As the unstable global economic and political climate persist, community builders become more important in any society. Here’s one who positions not-for profit associations to become the key platforms for lifelong learning, networking and collaboration between professionals. LAUREA provides essential services that support social-mission organisations and non-profit association throughout its life cycle - at start-up, growth, improvement of its services & activities and organisational change. Their detail-oriented association management and conference organisation expertise includes organising webinars, multi-hub meetings and live streaming (which combine a ‘live’ and ‘virtual’ experience) that can maximise delegate engagement and increasing learning efficacy. Stefaan De Corte, founder and project manager of LAUREA, shares his views in our July technology special.
How is technology transforming associations today?

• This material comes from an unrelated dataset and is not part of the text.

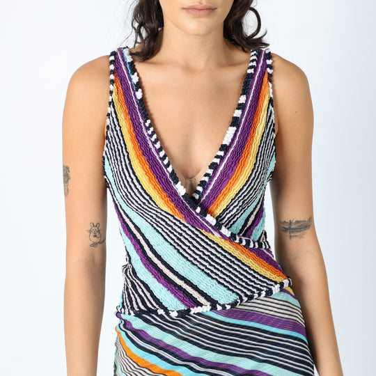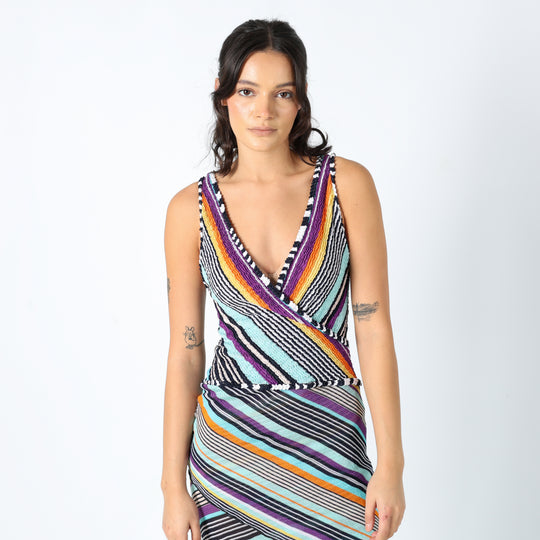 Multi Colured y2ks Missoni Woven Mini Dress Striped Front Wrap (8)

I see two major implications:
First, association leaders can use digital platforms to increase the efficiency of their internal processes (membership fee collection, team collaboration, finance administration). As such, the association can free up time and resources to invest in activities that bring more direct added value to its members and stakeholders.
Second, the use of technology can streamline the association’s actions towards all external stakeholders. Using digital tools in the right way in marketing and communication, events and projects, increases their engagement with the association’s activities.
Can you give us an example of how digitalisation is changing our interactions with members?
Digitalisation brings members much closer to the association’s leadership and its activities. As such, the use of digital tools increases the ‘direct feedback’ from members and enables association leaders to better identify the real needs and expectations of members.
When used in the right way, digital tools put an association in the position to automate the membership renewal process, create a digital profile of each member, provide each member with seemingly ‘tailormade’ e-Newsletters based on a member’s preferences, create working or expert groups based on members’ specific interest and facilitate & animate these groups with a mix of digital content and digital and live events.
If an association leader can spend €100 on technology, where should he/she invest?
First, an association’s strategy should be clear: what do you want to achieve, whom do you want to serve (not in general but be very specific) and what are the key actions the association will implement to achieve this. Execution without strategy, is really a waste of energy.
When an association executive has €100 to spend on technology, I would invest in the creation of a stakeholder database with automated e-Newsletters. A well thought out database, allowing for segmentation on fields of interest, geography, profession… is really the basis of the future success of any advocacy or promotional campaign, event invitation or any effort to increase stakeholder engagement. Obviously, social media might allow for much (but not all) of this as well. However, in that case, the association needs to accept it will never be fully ‘in control’ of the data and that social media have their limitations (not the least that not all stakeholders use the same social media, privacy issues, etc).